- Exercise aim: The reply should be one number: how many lines of the data below contain "HILL".

- Provided records:
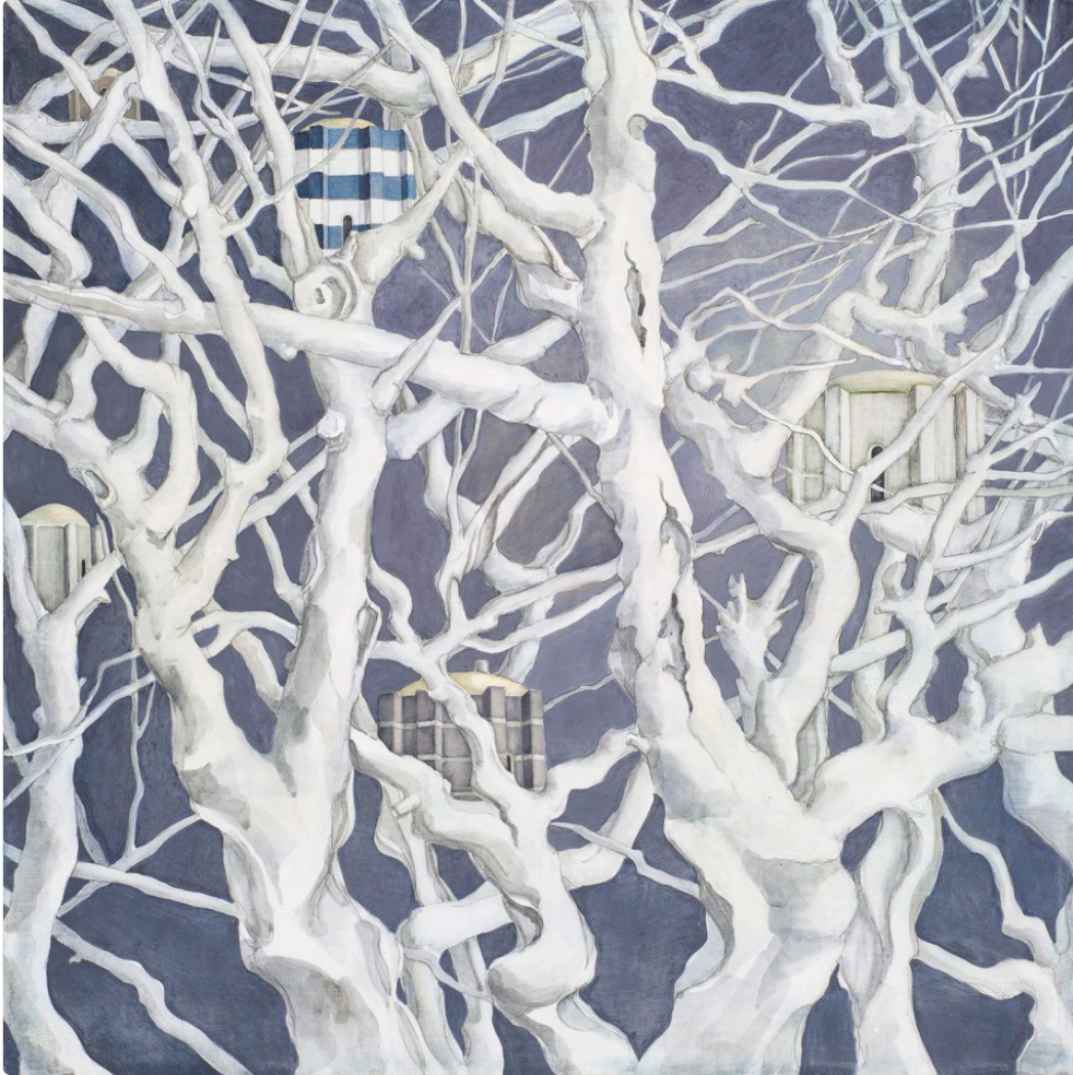
HARRIET MENA HILL Winter Night, 2016, oil on gesso, 30 x 30cm
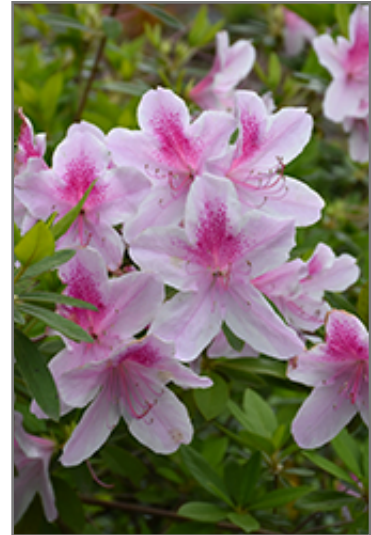
George Taber Azalea flowers
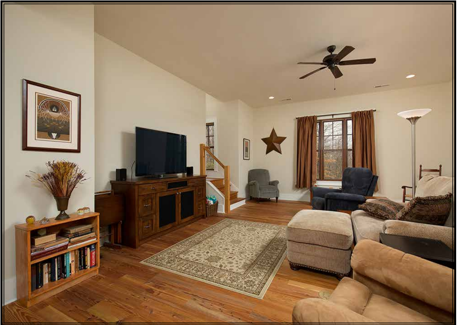
Lower level family room 10 foot ceilings Heart of Pine floor
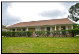
5115 Willowbend Just Listed!!
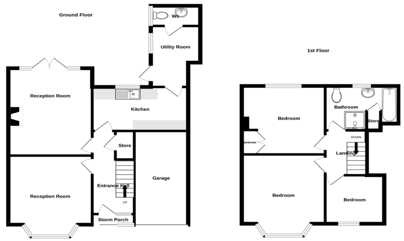
Briery Road, Halesowen, B63 1at

Offices at: KINGSWINFORM HALESOWEN STOURBRIDGE BRIERLEY HILL SEDGLEY
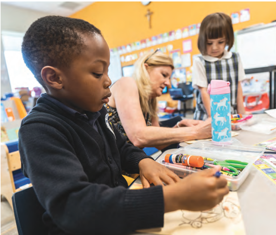
A preschooler works on artwork depicting the Ascension of Jesus on May 15 at St. Martin de Porres Catholic School.
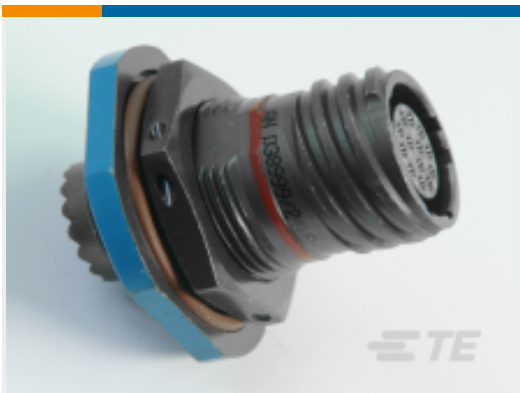
TE Part #YDTS24W17-35SAV001 RECP ASSY
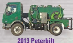
2013 Peterbilt 26,000 GVWR, auto transmission, 400/1100 stainless steel tank, Masport HXL4 pump, dual service-loaded.
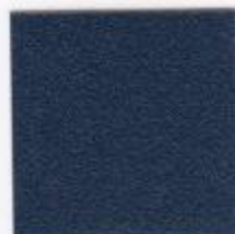
Bleu 2700 Sablé YW353F
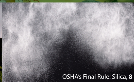
OSHA's Final Rule: Silica, 8
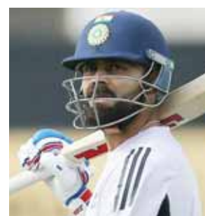
against New Zealand, you've got plenty of ammunition to back yourself up," Fox Cricket noted McGrath as saying on 'CODE Sports'. "So put the pressure on them and see if they're up for it," he added. Kohli, who has been India's batting mainstay for over a

Pace legend Glenn McGrath feels Australia have the "ammunition" to target an "emotional" Virat Kohli, who will be under pressure if he gets off to a poor start at the five-match Test series for the Border-Gavaskar Trophy, starting in Perth from November 22. India have won the last four Test series against Australia, including two Down Under. However, they head into the much-anticipated five-Test assignment on the back of a 0-3 series whitewash at the hands of New Zealand at home. "Without a doubt, especially after coming off a 3-0 loss
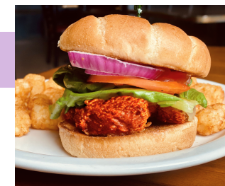
BUFFALO CHICKEN SANDWICH
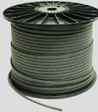
1,000 ft. Reel
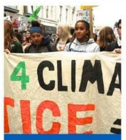
Project 4: Stop Global Warming

- Result of the exercise: 2